Minor but perhaps significant nitpick: the title of the article is "Quantum Weirdness in New Strange Metals Bends the Rules of Physics", and in this case "Strange Metal" is a technical term. If the title is to be edited for length or clickbait-minimization, I would recommend removing the word "New", since the start of this story is at least ~38 years old, possibly older.
And I think it implies that strange metals are not Landau Fermi liquids:
>Almost 70 years ago Russian physicist Lev Landau and his collaborators introduced an incredibly successful conjecture, now known as Landau Fermi liquid theory, to try to understand electron interactions within metals.
>Physicists have discovered an entire zoo of quasiparticles in solid materials with names such as phonons, magnons, spinons, holons and plasmons.
>By thinking of the collective actions of electrons as quasiparticles, physicists have made testable predictions that have been verified time and again in experiments on metals such as gold, silver, copper and aluminum.
>In recent years physicists have found a dozen or more materials that are clearly metals, in the sense that their electrical resistivity decreases with decreasing temperature, but that are not Fermi liquids. These “strange metals” have resistivity at low temperatures that is linearly proportional to temperature—that is, their resistivity varies with the actual temperature rather than with the square of the temperature.
>Scientists have observed superconductivity emerging in multiple families of strange metals at relatively high temperatures.
That is the common interpretation in the field, and in fact the phrases "strange metal" and "non-Fermi-liquid" are used somewhat interchangeably.
I'd point out that there is another interpretation of resistivity that is linear in temperature, namely that the basic physics of electron transport [1] is the same as a standard metal, where the scattering rate (proportional to resistivity) is proportional to temperature squared. The difference from normal metals is attributed to the linear increase in the carrier concentration (e.g. density of free electrons) with temperature. Since the carrier concentration (in the simple model) is inversely proportional to resistivity, this partially cancels the T^2 dependence of the scattering rate and produces T-linear resistivity. This is not (yet?) widely accepted in the literature, and I doubt it can explain all T-linear resistivity, but I think there's fairly strong evidence to believe it could explain some instances of T-linear resistivity, e.g. in the cuprates [2]. (n.b. I'm academically associated with some of the proponents of this idea, though I'm personally somewhat agnostic on the matter.)

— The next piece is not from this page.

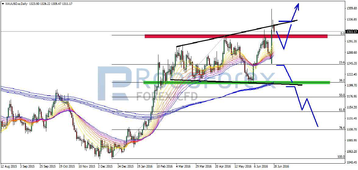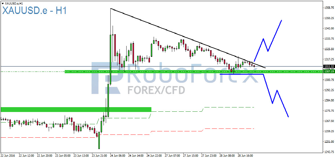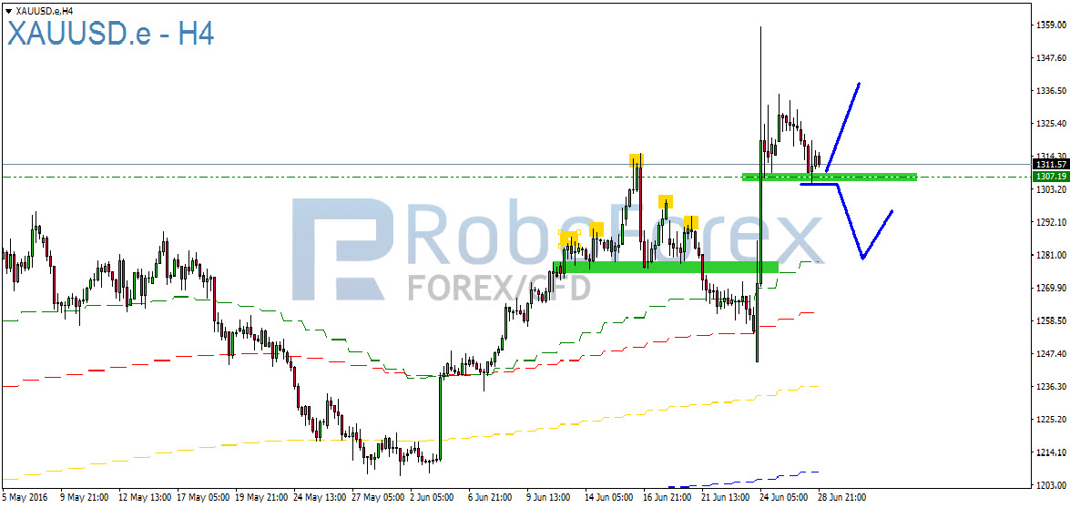 Trotz der erhöhten Nachfrage am Freitag auf Grund des überraschend ausfallenden Referendums konnte Gold nicht dynamisch aus der Konsolidierungsformation auf Tagesbasis ausbrechen. An der oberen Trendlinie bei 1.334,- USD fand Gold am Freitag sein Tages- und Wochenhoch. Auch am Montag konnte dieses Hoch nicht mehr überwunden werden obwohl die weltweiten Aktienmärkte weiter Schwäche zeigten und mit weiteren Verlusten in die aktuelle Handelswoche gestartet waren.
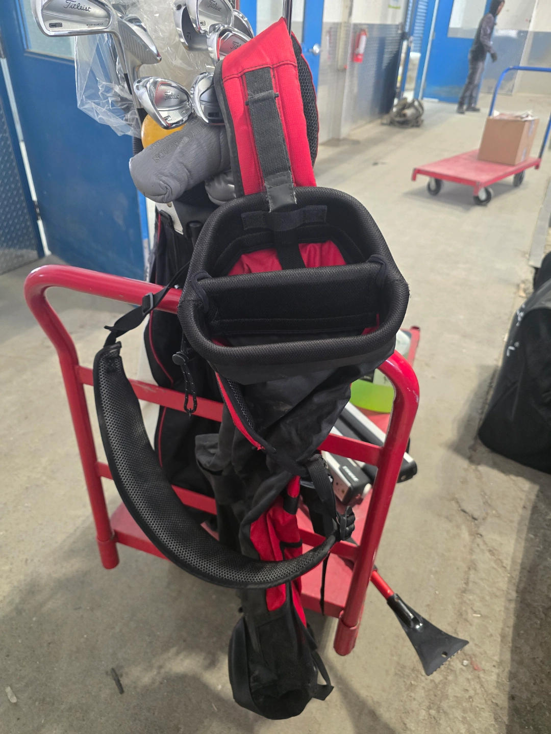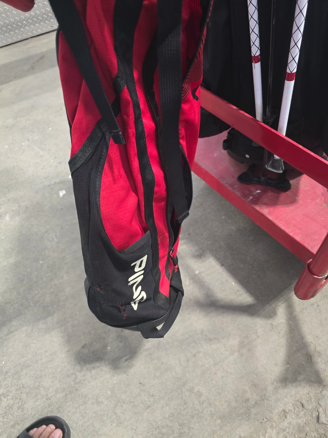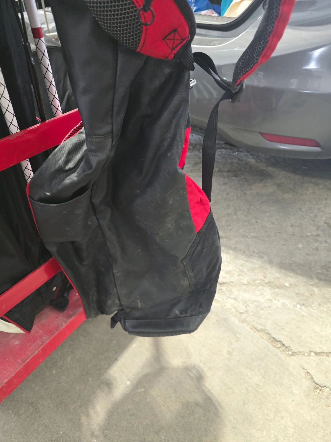 PING golf sunday bag. Red and black colour scheme. Shows some wear.

Also, there apparently is something called "Constantan" -- a metal compound (usually) made from 55% Copper and 45% Nickel (at least according to Wikipedia):
The understanding of strange metals, and more broadly, systems (i.e. materials) where strong (often quantum) interactions are important is one of the main general research areas of modern physics. This is motivated partly by the interest in understanding the fundamental physics involved, and partly because these strongly-interacting systems often have other interesting properties such as high-temperature supeconductivity, or various magnetic properties that may be useful for quantum computing. It's a large and active area of research.
THE rules of physics are OUR approximation of how we understand the physical reality we live in. They are a human invention to describe a existing system, and thus the "our" is implied.
This seems like a non-sequitur. I don't see that there's any way to interpret the title that doesn't imply there are new discoveries in the laws of physics.
Yes, THE laws of physics pretty clearly refers to OUR laws of physics in this context. There is no other law. There will never be any absolute truth to be considered THE law of physics, only ever the models we contrive.